II. Voltando outra vez Jesus ao pretório de Pilatos, depois da flagelação e
coroação de espinhos, este, ao vê-Lo todo dilacerado e desfigurado,
capacitou-se de que comoveria o povo à compaixão, só com mostrá-Lo.
Saiu, pois, para a varanda com o nosso aflito Salvador, e disse: Ecce homo
— “Eis aqui o homem”. Como se dissesse: Judeus, contentai-vos com o
que este inocente tem sofrido até agora; vede a que estado se acha
reduzido. Que medo ainda podeis ter que Ele queira fazer-se vosso rei,
visto que não pode mais viver? Deixai-O ir morrer em sua casa. Exivit ergo
Iesus, portans coronam spineam, et purpureum vestimentum (1) – “Jesus
saiu coroado de espinhos e vestido de um manto de púrpura”.

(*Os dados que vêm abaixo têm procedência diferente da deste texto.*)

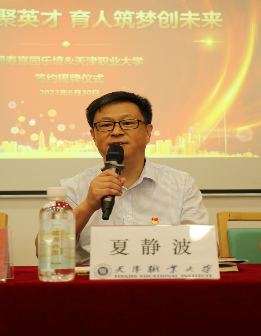 之后,公共管理学院负责人与国寿(天津)养老养生投资有限公司负责人代表双方签署了《校企合作框架协议书》,并为“best365英国在线体育官网公共管理学院校外实践教育基地”揭牌。活动的开展旨在充分发挥校企双方优势,发挥职业教育为社会、行业、企业服务的功能,也为学生实习、实训、就业等提供更大空间。同时,从思想政治教育、社会主义核心价值观教育、志愿服务三大方面进行共建,共同构建校企育人共同体。
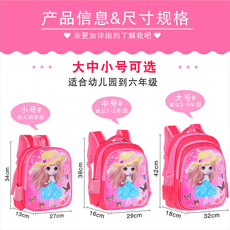 Cartoon Schoolbag Primary School Student Female 1-2-3-4-6 First Grade Girl Girl Kindergarten Burden Reduction Backpack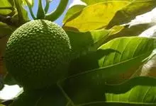 面包树 Fosberg)是桑科波罗蜜属植物。叶大,成熟之叶羽状分裂,表面深绿色,背面浅绿色;穗状花序单生叶腋,雄花序长圆筒形至长椭圆形或棒状;聚花果倒卵圆形或近球形;花期为3~5月,果期为7~10月。…全部>>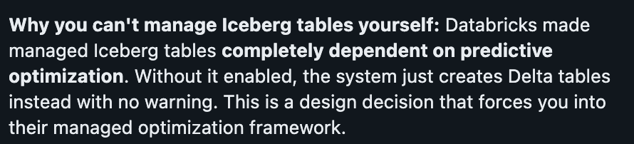 Nearly two years after the acquisition, you can create managed Iceberg tables in Databricks. But you cannot optimize them. You cannot call file compaction. You cannot manage the snapshots. You cannot use hidden partitioning.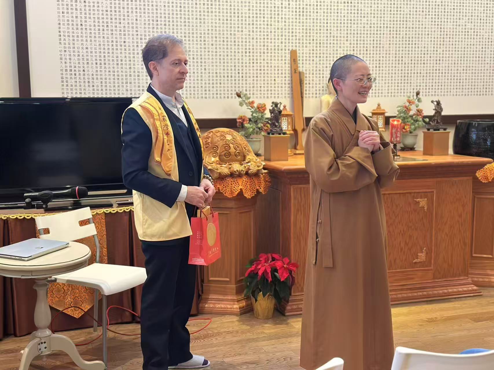 The BLC Waterloo Monastic Advisor, Venerable Zhi Guan, presented Dr. Holloway with a commemorative gift on behalf of the temple, thanking him for a thoughtful presentation that bridged scientific inquiry and Buddhist practice, and encouraging participants to integrate the Dharma into daily life.

Minha alma, tu também contempla naquela varanda a teu Senhor, ligado
e arrastado por um algoz. Vê-O, como ali está meio despido, se bem que coberto de chagas e sangue, com as carnes todas rasgadas, com aquele
farrapo de manto purpúreo, que serve tão somente para escarnecê-Lo, e
com a cruel coroa que continuamente o atormenta. Vê a que estado se
acha reduzido o teu Pastor, para te achar, a ti, sua ovelha perdida.
Ah meu Jesus! Quantos papéis de teatro fazem-Vos os homens
representar, mas todos eles de dor e de ignomínia. Ó dulcíssimo Redentor,
inspirais compaixão às próprias feras, mais aí não achais piedade! Ouve o
que aquele povo responde Crucifige, crucifige eum! (2) — “Crucifica-o,
crucifica-o!” Mas, ó Senhor meu, o que dirão no último dia, quando Vos
virem na glória, sentado como Juiz num trono de luz? Ai de mim! Jesus
meu, houve um tempo em que eu também disse: “Crucifica-o, crucifica-
o!” Foi quando Vos ofendi pelos meus pecados.
Agora arrependo-me deles mais que de todos os outros males e amo-Vos
sobre todas as coisas, ó Deus de minha alma. Perdoai-me pelos
merecimentos de vossa Paixão. — Ó Mãe de dores, Maria, fazei que no dia
do juízo eu veja vosso Filho aplacado e não irado para comigo.